Numa das suas investigações foi feito o registo da viagem migratória do maçarico-galego que surpreendeu os cientistas. “São processos que ainda não compreendemos, são coisas que desafiam o nosso entendimento. Não são sequer comparáveis com humanos que correm maratonas ou ultramaratonas”, disse ao PÚBLICO antes de embarcar para mais uma viagem. José Alves está actualmente no arquipélago dos Bijagós a observar os hábitos do maçarico-galego.
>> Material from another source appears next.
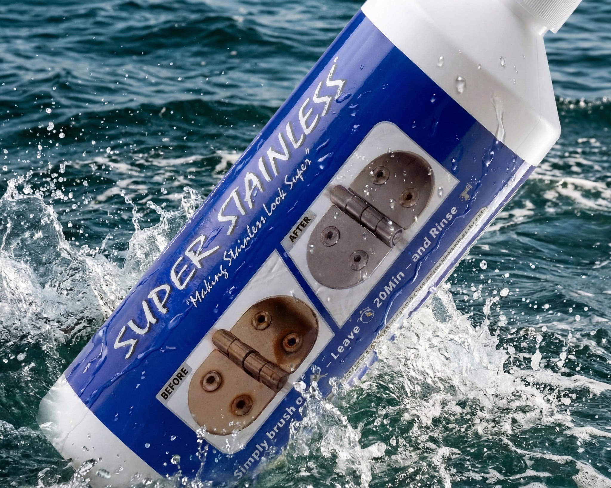 Super Stainless er en spesialutviklet metallrens for rustfritt stål i maritime miljøer. Den fjerner rustflekker, misfarging og overflatekorrosjon fra beslag og detaljer i rustfritt stål, samtidig som den bidrar til å gjenopprette stålets naturlige beskyttelse.

O objectivo, contou ao PÚBLICO, é agora tentar perceber como é que o maçarico-galego se prepara (o que come, por exemplo) para fazer a viagem de regresso à Islândia, que acontece entre fim de Março e início de Abril.

Segundo o artigo publicado, a opção pelo voo contínuo em cima do oceano quando existe uma alternativa para uma viagem a sobrevoar terra, com possibilidade de paragens, não tem uma explicação óbvia. A direcção do vento, por exemplo, pode ser uma ajuda para o longo voo mas também pode ser um obstáculo se soprar no sentido errado e com força. No trabalho, os investigadores registaram ventos contrários com o dobro da velocidade do voo da ave, indicando que este tipo de condições adversas não é pouco comum.

O voo sem paragens em cima do oceano, notam os cientistas, terá prós e contras. Se por um lado, evitam predadores, parasitas e agentes patogénicos, por outro lado, o risco de morte (por exaustão ou por não conseguirem proteger-se das condições meteorológicas adversas) é maior. Ainda assim, essa parece ser a opção de muitos maçaricos-galegos.

O registo obtido pelos cientistas mostra que as quatro aves monitorizadas optaram por um voo sem paragens entre a Islândia e África. No regresso, duas aves (uma macho e uma fêmea) fizeram uma paragem no Reino Unido e na Irlanda. Mas também podia ter sido em Portugal. O maçarico-galego é visto em Portugal sobretudo como migrador de passagem (no momento da migração, nos meses de Abril, Maio, Agosto) mas, segundo nota José Alves, há já alguns indivíduos que passam todo o Inverno no Sul do país, sendo notado particularmente em zonas como a Ria Formosa ou o estuário do Sado.